5:15 PM - 6:45 PM
[SGL17-P03] An experimental trial of auto-handpicking mineral separation for K–Ar dating using deep-learning micromanipulator system
Keywords:K–Ar dating, Sample preparation, deep-learning, AI classification
For reliable K–Ar dating of volcanic rocks, mineral separation is important to remove phenocrysts that may contain excess 40Ar. In general, phenocrysts grains that cannot be removed by magnetic separator and/or heavy-liquid separation are finally removed by hand-picking under a microscope, however, hand-picking is a time-consuming process. In this study, we conducted an experimental trial of auto-handpicking separation using deep-learning micromanipulator system at Geological Survey of Japan which has successfully used for classifying microfossils.
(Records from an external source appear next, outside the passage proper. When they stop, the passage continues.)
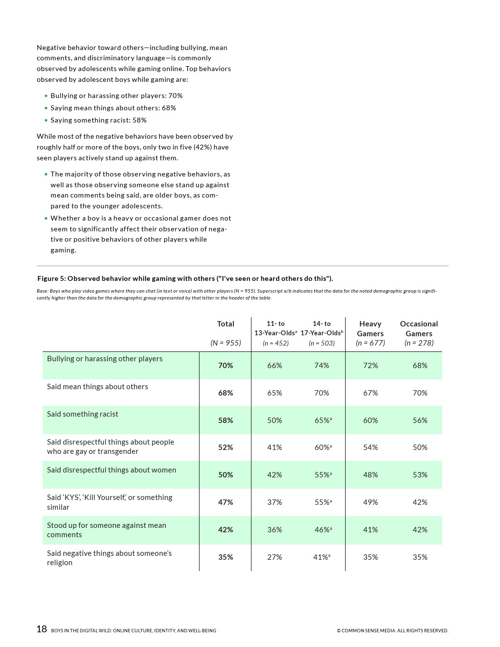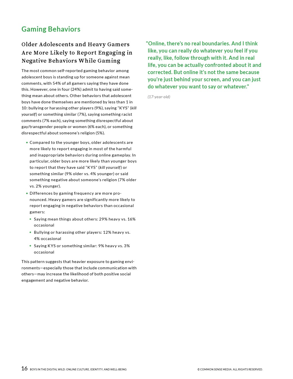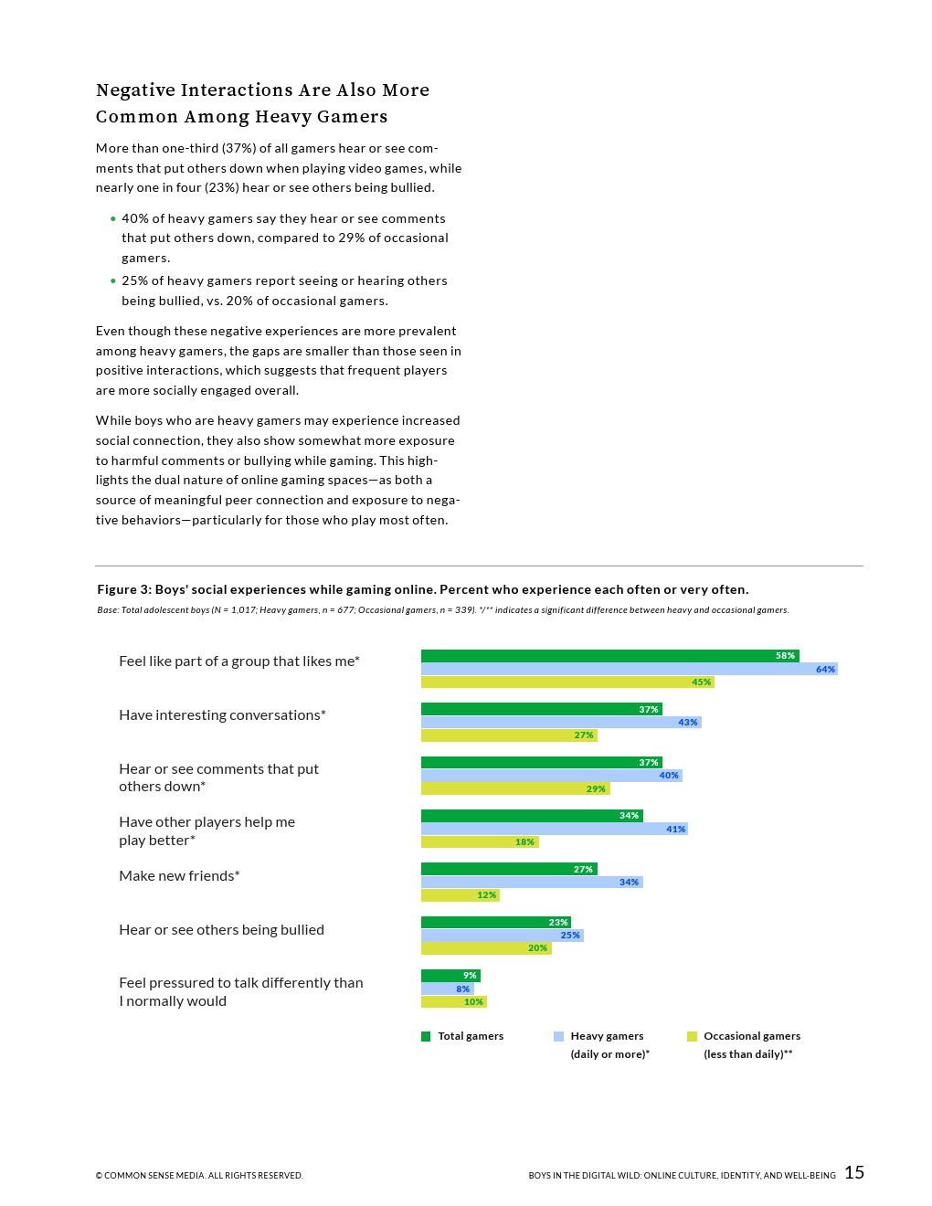 大多数男孩(58%)在游戏中找到归属感,但也观察到普遍存在的问题行为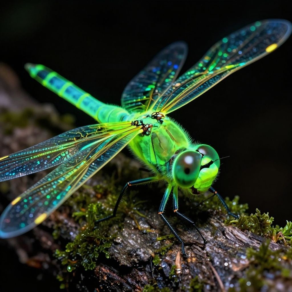(Pui), (UHD:1.2), (from above), close-up encounter with a (bioluminescent:1.28) (dragon-fly:1.2) (dragon head), its (iridescent wings shimmering:1.1) intricate details of its (compound eyes:1.18), black background, (mossy log:1.1), (neon color scheme: (black background:1.2), (darkness:1.0), (dim glow:1.2), (neon green:0.6))(hyperdetailed:1.2)subsurface scattering, (Photorealistic:1.2), Hyperrealistic, analog style, realistic, film photography, (background visible:1.2), (Style: highres photo, cinematic Lighting, trending on artstation, ((high quality:1.2, masterpiece:1.2)), (8k resolution), high details, incredibly absurdres)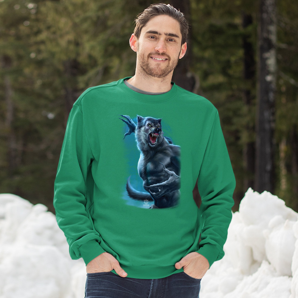 ROARING WEREWOLF sweatshirt halloween horror scary gothic monster crewneck green
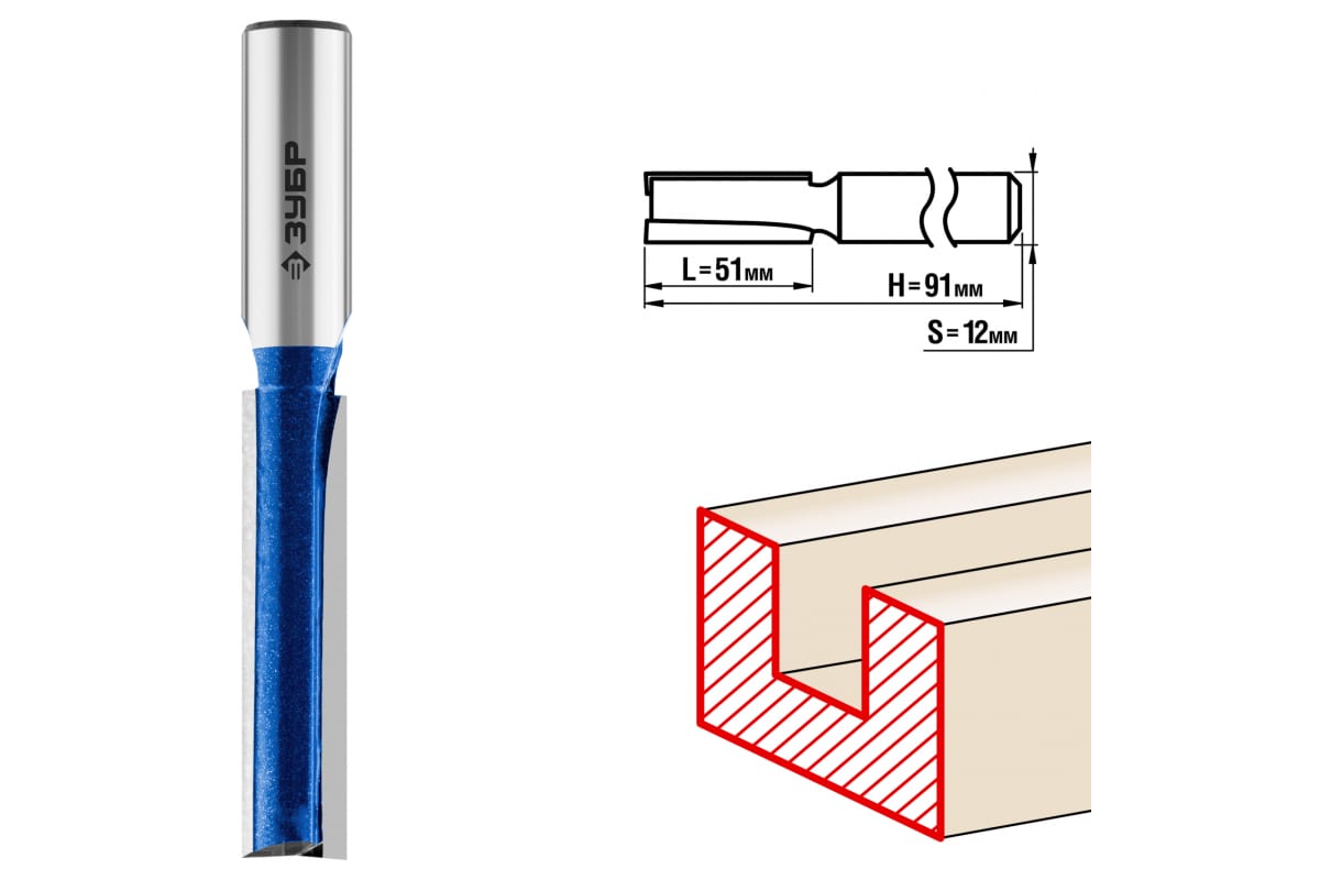 Фреза пазовая прямая с нижними подрезателями ПРОФЕССИОНАЛ Зубр 28755-12-51 предназначена для ручных фрезеров и фрезерных станков. Применяется для изготовления пазов и канавок требуемой конфигурации при работе с различными видами древесины.

A rock sample from Ontake Volcano was crushed, sieved to 180-250 μm and the separated groundmass fraction with a small amount of plagioclase grains was used for the experiment. In classifying microfossils, the feature of shape is used as a criterion, but this sample need to classify plagioclase and groundmass in color. On making training data, the original software resulted in classification that emphasized the shape of grains, so the collected individual images of grains were once extracted and classified using deep-learning software that newly developed in GSJ. The classification model with the training data showed the ability to classify plagioclase and groundmass grains with 95% accuracy. Although there are still some problems in classifying when a single grain contains plagioclase and groundmass part, the effectiveness of the system to mineral separation was confirmed.